How do you write an equation of the line tangent to x2+y2=169 at the point...

Here we have the equation of a circle: ${\displaystyle x^2+y^2={13}^2}$
To determine the slope of a tangent to the circle at any point we need to use implicit differentiation.
${\displaystyle x^2+y^2={13}^2}$
${\displaystyle 2x+2y\cdot \frac{dy}{dx}=0}$
${\displaystyle \frac{dy}{dx}=-\frac{x}{y}}$
At the point (5,12), ${\displaystyle \frac{dy}{dx}=-\frac{5}{12}}$
So the tangent has a slope of ${\displaystyle -\frac{5}{12}}$ and passes through the point (5,12)

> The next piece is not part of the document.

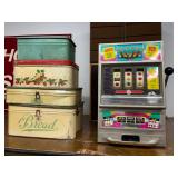 Stacking Bookcase with Advertising Tins, etc.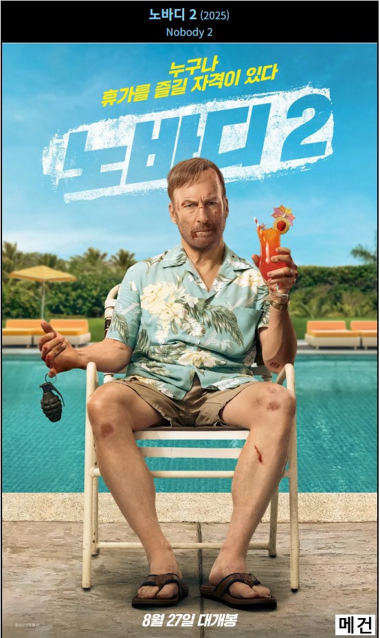 movie 영화 노바디 Nobody 아저씨는 4K [노바디 2] Nobody 2. 2025 (아저씨는 쉬고 싶다.) person 메건*** calendar_today 2026.04.20 visibility 4,723 다운로드 2개 파일 folder_zip 4K. 노바디 2. 2025 (파일, 제목, 스샷 도용 금지!! 작성자 메건).mkv 4.8 GB download folder_zip 4K. 노바디 2. 2025 (파일, 제목, 스샷 도용 금지!! 작성자 메건).srt download

The equation of a line of slope m, passing through the point ${\displaystyle (x_1,y_1)}$ is:
${\displaystyle (y-y_1)=m(x-x_1)}$
The tangent would therefore have the equation:
${\displaystyle (y-12)=-\frac{5}{12}(x-5)}$
12y-144=-5x+25
12y=-5x+169
${\displaystyle y=\frac{1}{12}(-5x+169)}$

Explanation:
Differentiate implicitly:
${\displaystyle \frac{d}{dx}(x^2+y^2)=0}$
${\displaystyle 2x+2y\frac{dy}{dx}=0}$
${\displaystyle \frac{dy}{dx}=-\frac{x}{y}}$
So, for x=5, y=12:
${\displaystyle y^{\prime }\left(5\right)={\left[\frac{dy}{dx}\right]}_{5,12}=-\frac{5}{12}}$
The equation of the tangent line is:
${\displaystyle y=y_0+y^{\prime }\left(x_0\right)(x-x_0)=12-\frac{5}{12}(x-5)}$
${\displaystyle y=-\frac{5}{12}x+\frac{144+25}{12}}$
12y+5x=169